Ontario’s help for Crown wards is a good first step
TheStar.com – opinion/editorials – Ontario and post-secondary institutions will pay for tuition for Crown wards; it’s a good first step but the work isn’t finished.
Jun 28 2013. Editorial
It’s an act of compassion, even if it was a long time coming. The Ontario government’s promise of a free post-secondary education for all Crown wards has the potential to make a world of difference in the lives of these young people.
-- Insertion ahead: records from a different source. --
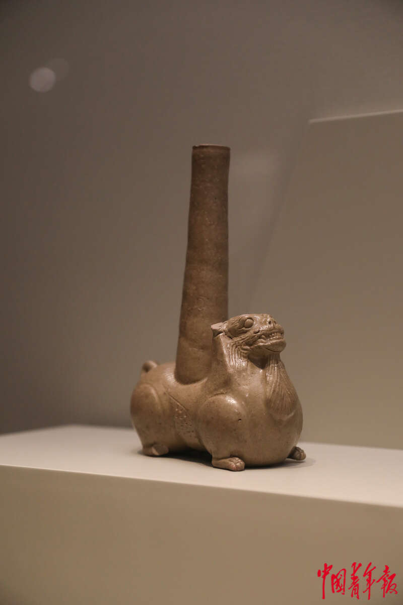 10月24日,北京,清华大学艺术博物馆,“礼运东方:山东古代文明精粹”特展上,西晋越窑青釉狮形烛台。中青报·中青网记者 孔斯琪/摄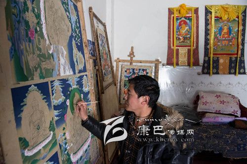 爐霍是一代唐卡宗師郎卡杰(約公元1610年生)的故鄉(xiāng),歷代傳承弟子風(fēng)格一脈相承,形成郎卡杰唐卡繪畫流派。該派作品的層次感,從花草樹木的枝葉前后層次,到山水房屋、飛禽走獸、人物器具的遠(yuǎn)近距離和明暗關(guān)系,都彰顯了三維立體的空間效果,繪畫中除了對主圖的精湛表現(xiàn),對局部結(jié)構(gòu)的精確處理和頻現(xiàn)微型畫像的神奇描繪,更是完美結(jié)合。郎卡杰本人作品《佛本身轉(zhuǎn)》、《二圣六莊嚴(yán)》等作品堪稱一絕。2008年,文化部授予爐霍“中國民間藝術(shù)之鄉(xiāng)——唐卡之鄉(xiāng)”。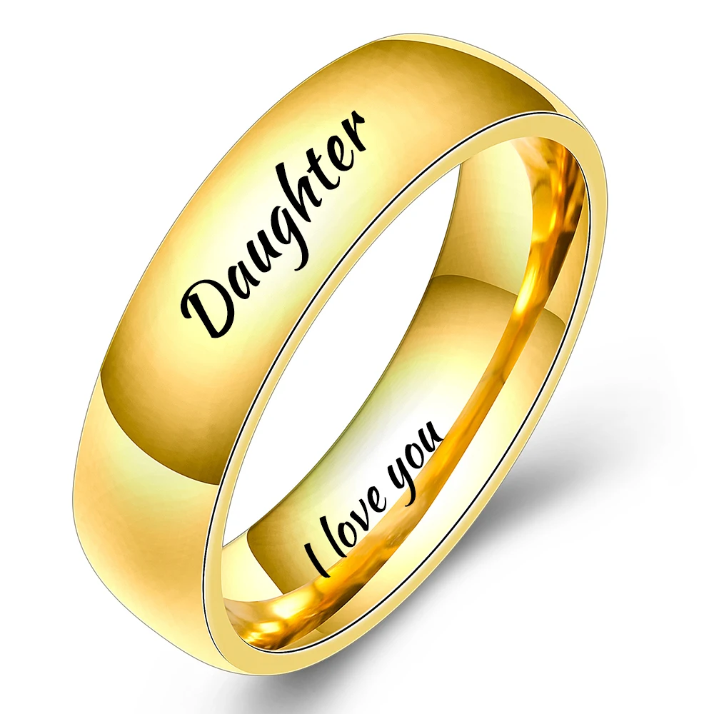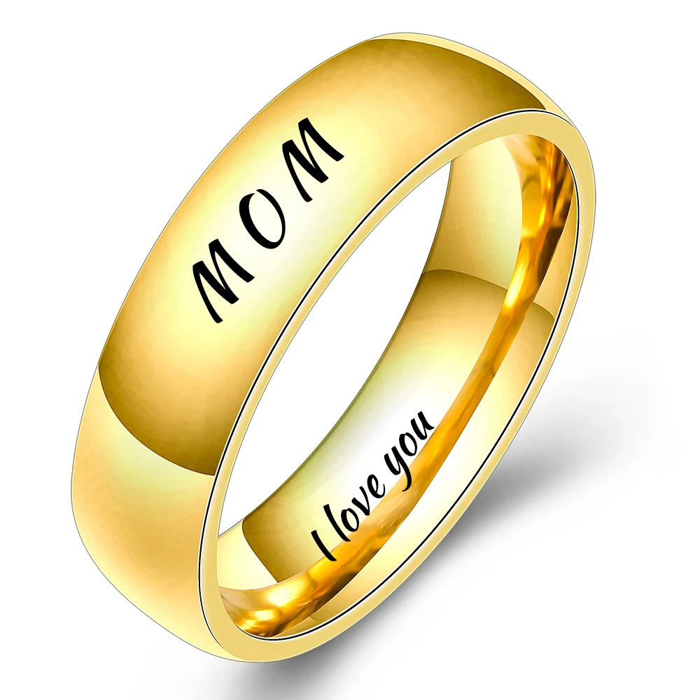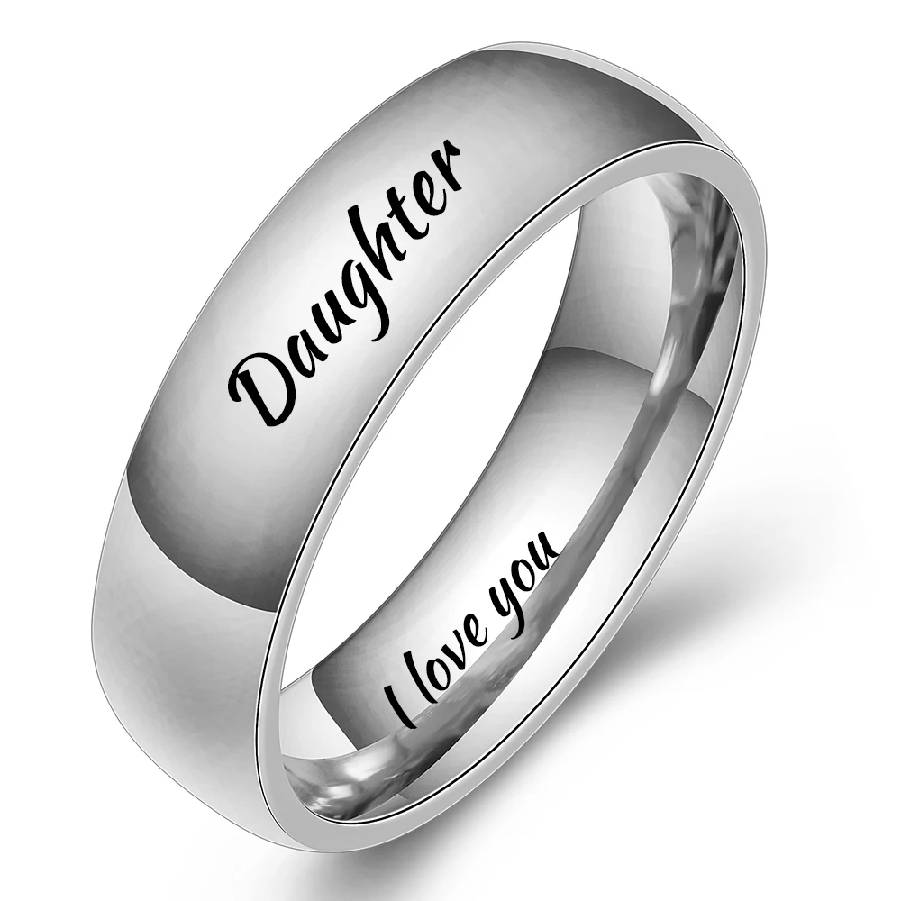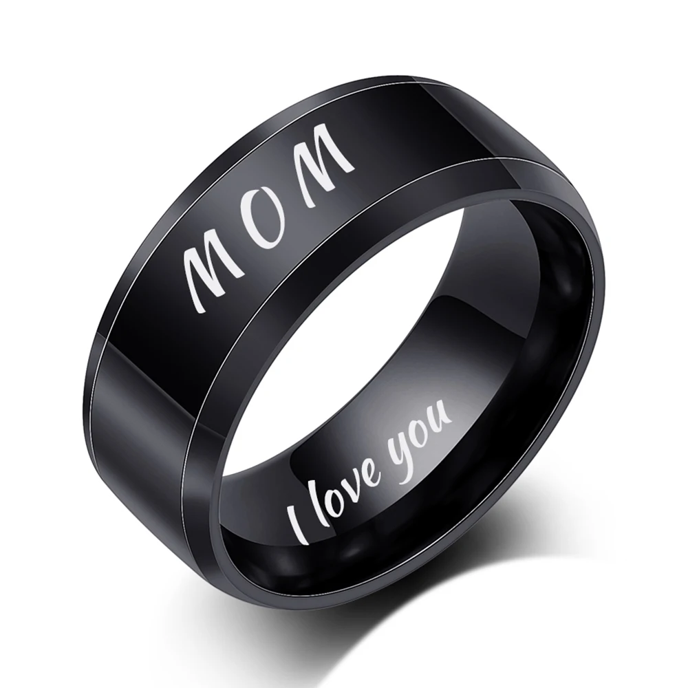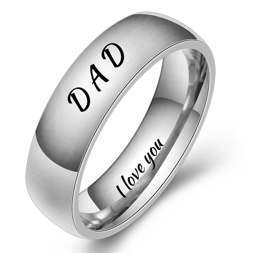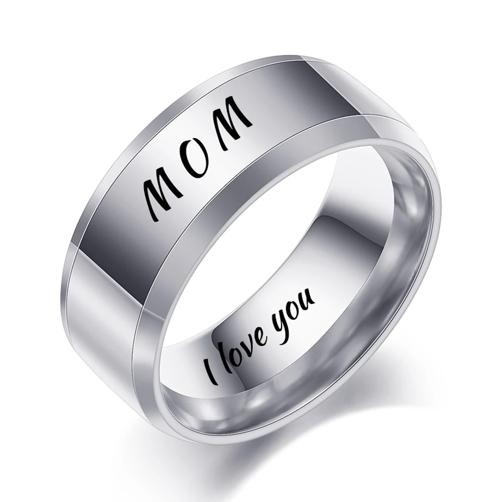 Модные полированные ювелирные изделия гравировка имя Дата логотип кольцо оптом из нержавеющей стали обручальные брендовые кольца для мужчин и женщин

Finally, the government — with universities and participating colleges — will help thousands of struggling young people move forward.
After the Star and youth advocates repeatedly pushed the issue, Brad Duguid, the minister of training, colleges and universities, this week announced up to $6,000 a year in free tuition for Crown wards aged 21 to 24. It’s a smart and empathic decision, helping some of the 8,300 young people who are being raised in Children’s Aid Society foster or group homes after being removed from deeply troubled families. The province is their legal guardian – effectively their parent.
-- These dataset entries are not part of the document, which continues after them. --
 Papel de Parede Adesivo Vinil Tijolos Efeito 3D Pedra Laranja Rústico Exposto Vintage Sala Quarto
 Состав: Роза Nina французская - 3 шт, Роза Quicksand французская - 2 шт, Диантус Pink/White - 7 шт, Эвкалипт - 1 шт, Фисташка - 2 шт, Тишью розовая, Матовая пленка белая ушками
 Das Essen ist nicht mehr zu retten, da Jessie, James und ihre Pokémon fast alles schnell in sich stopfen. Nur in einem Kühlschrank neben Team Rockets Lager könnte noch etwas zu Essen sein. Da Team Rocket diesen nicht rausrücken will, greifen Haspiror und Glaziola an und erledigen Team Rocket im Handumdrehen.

The new program expands an earlier effort to help a small group of 300 Crown wards get a post-secondary education. Now, about 850 are eligible.
It’s not perfect. The announcement that Crown ward students will receive a $500 living expenses grant (costs shared by the colleges, universities and Ontario’s ministry of child and youth services) isn’t overly generous.
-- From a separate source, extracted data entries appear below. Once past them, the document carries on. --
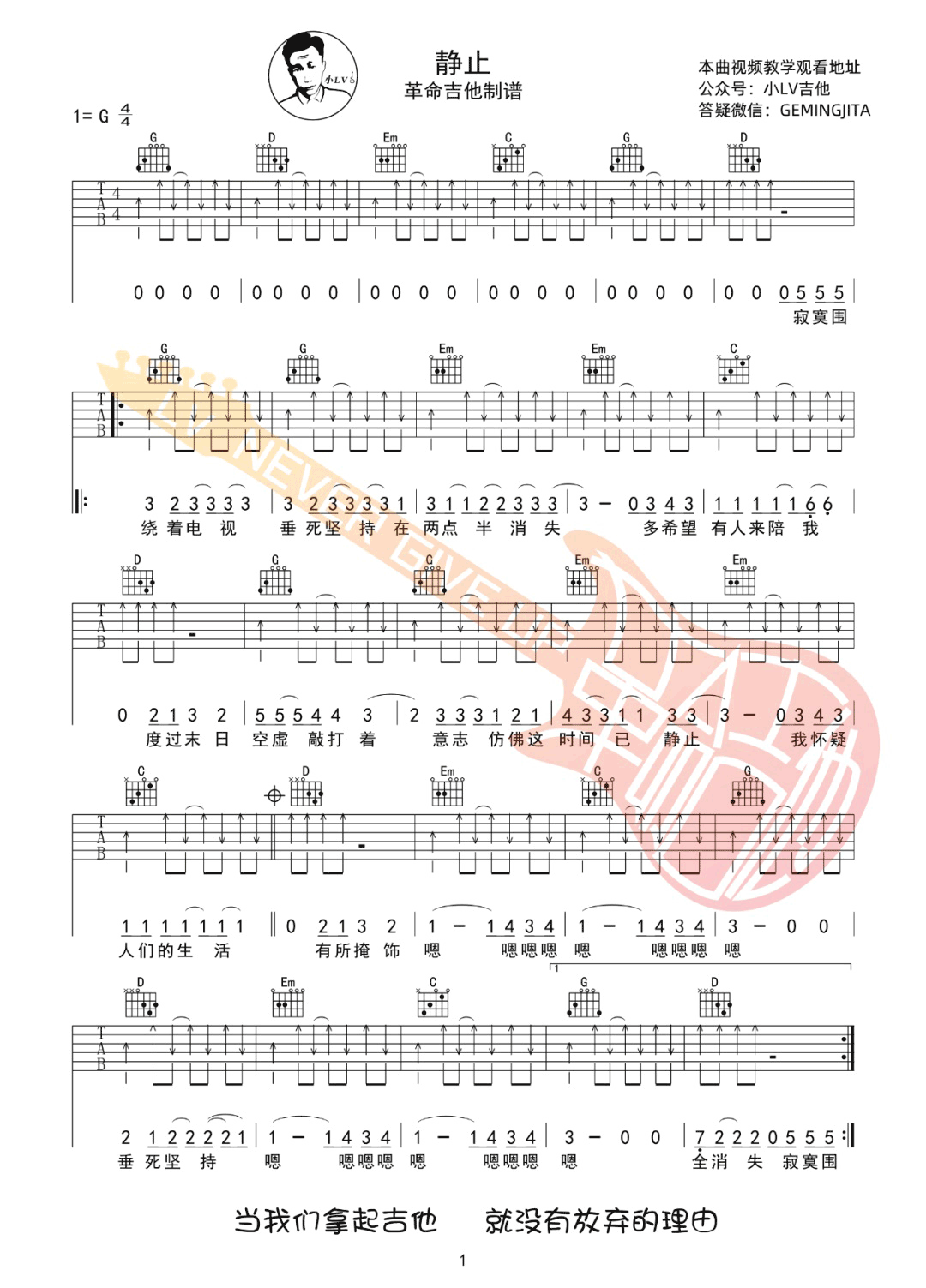 《花儿乐队《静止吉他谱》(E调)》内容来自于互联网,不能保证内容的准确性与完整性,仅供学习交流欣赏,请勿用于其它用途,内容版权归原作者及来源网站所有,如有侵犯到您的权益请来信告知,我们将及时删除。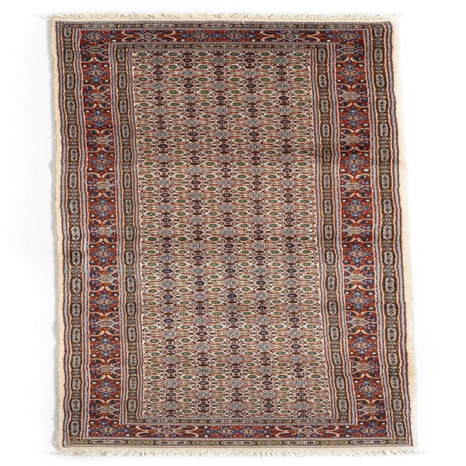 A 9 ft runner rug with a cream background and intricate Persian pattern in red, blue, green, and brown, featuring a decorative border and fringe.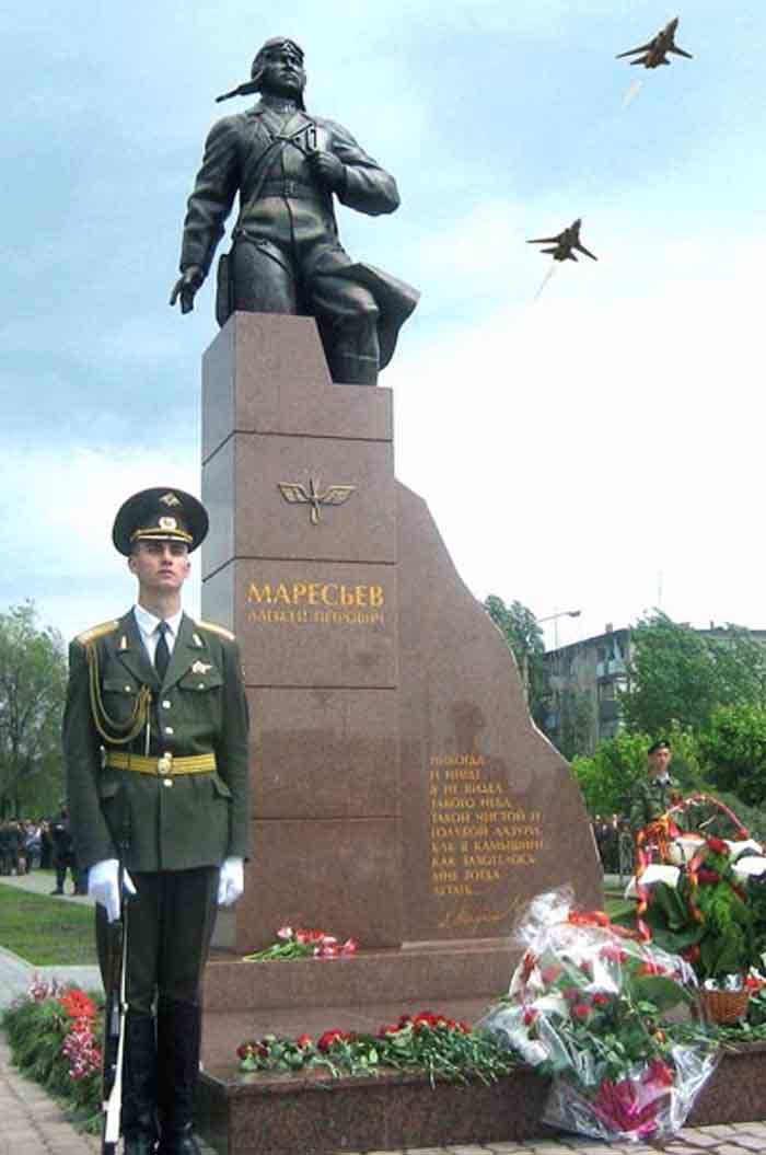 Торжественное открытие памятника состоялось 20 мая 2006 года, в день 90-летия со дня рождения Героя Советского Союза Алексея Петровича Маресьева

As any parent knows, expenses for students living away from home are often double the cost of tuition, so that $500 isn’t enough. It should be increased. Still, the money offered is a worthy investment, opening new possibilities to young people who might not otherwise have the opportunity.
It’s not as if Ontario’s Crown wards have ever had it easy. As the Star’s Louise Brown reports, only 44 per cent graduate from high school, compared to 82 per cent of the population at large.
The system discharges kids from their foster families when they turn 18, and cuts off a small amount of financial support at the age of 21. Most kids in their late teens and early 20s still need the warm support of their families; imagine how many would fare if left on their own.
However well-received the education funding may be, many other Crown wards desperately need the support of, for example, that $500 a month just to get by in life. They must also be considered.
As Irwin Elman, Ontario’s child advocate, says, “When you understand what brought some of them to become Crown wards in the first place, you realize that the journey can be very unforgiving.”
It’s a sad but apt observation. Ontario deserves praise for becoming a leader in the support of Crown wards, but it must continue to help all these young people survive the challenging transition to adulthood.